Оставив без рассмотрения вопрос о "персофильстве" избранного направления внешней политики и вопрос о его социальной базе, отметим, что наиболее вероятным кажется вывод об осторожном курсе Афин по отношению к Персии. Следует полагать, что такой курс не был некой альтернативой афинской демократии, но что он был одобрен демократическими органами, возможно даже экклесией. Даже больше - такой курс состоянию на 497/6 г. до Р. Х. отнюдь не стал чем-то новым и неожиданным в политике Афин: он подготовлен (а возможно и даже частично реализован) предыдущей политикой Алкмеониды. Избрание архонтом Гиппарха, сына Харма, тесно связанного с родом Писистратидов, один из которых, Гиппий, находился при дворе Артафрена, достаточно вероятно, как кажется, свидетельствует в пользу официального признания такого курса.
Все выше сказанное, вместе с тем, отнюдь не означает, что "персофильских" настроений в Афинах не было вообще. Такие настроения, однако, не являются чем-то внешним, привнесенным в афинскую ситуацию; они, конечно, имели под собой реальную основу. Это означает, что ориентация на Персию, или ставка на нее, была попыткой укрепить свое внутреннее положение тех сил, для которых или были тесны рамки послеклисфеновского полиса, или которые были отстранены от политической власти другими лидерами, или же которые были активными сторонниками возвращения в Афины изгнанного Гиппия.
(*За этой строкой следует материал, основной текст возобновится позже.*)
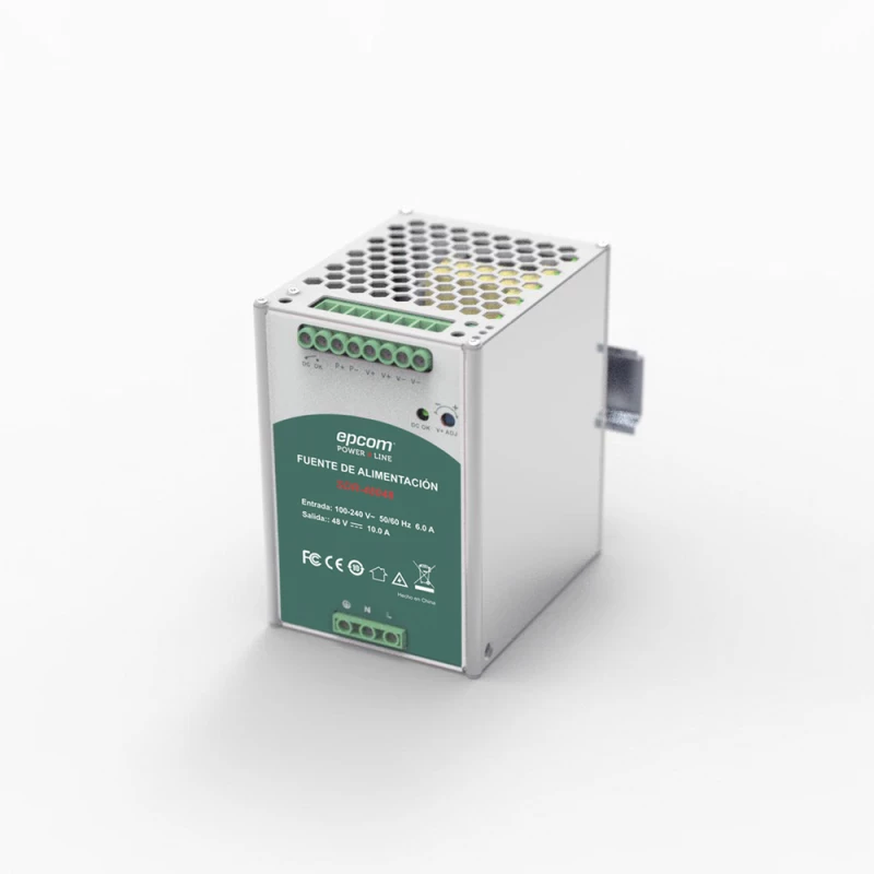 Epcom SDR-48048. Tipo de fuente de alimentación: Interior / exterior, Voltaje de entrada: 100 - 240 V, Potencia de salida: 480 W. Color del producto: Gris. Certificados de cumplimiento: RoHS. Ancho: 88.2 mm, Profundidad: 120.4 mm, Altura: 126.6 mm. Cantidad por paquete: 8 pieza(s)

Таким образом, спектр этих сил был весьма широким, причем активность составляющих его была неодинаковой. Парадокс ситуации 497 года до Р. Х. состоял, очевидно, именно в совпадении (с учетом разных обстоятельств) интересов этих сил, при одновременном повороте в всей внешне-политической ориентации афинского полиса. Иначе говоря, интересы внешней политики обусловили такой странный симбиоз молодой афинской демократии с выразителями чужих для ней тенденций в политическом развитии полиса, что еще раз подтверждает уже отмеченный взаимосвязь между внутри - и внешнеполитической сферами. Однако понятно и то, что такой симбиоз длительным быть не мог. Союз не антагонистических по своей сути партнеров был обречен, что в конечном итоге и проявилось в последующих событиях.
В литературе приходится встречать мнения, что концом проперсидской ориентации Афин (как уже было сказано, не совсем удачный срок - речь скорее может идти о более осторожном курсе в отношении Персии) стал архонтат Фемистокла, который знаменовал собой победу "патриотических" сил (или даже "ястребов") над оппонентами. Если учесть оборонительный характер мероприятий, осуществляемых в Афинах во время его архонтата (о чем уже было сказано ранее), даже не в зависимости от "авторства" пирейского проекта, такая реконструкция событий может оказаться достаточно вероятной. Однако важно при этом сохранить чувство меры и не превращать Фемистокла в "Прометея", который задолго предвидел ход будущих событий.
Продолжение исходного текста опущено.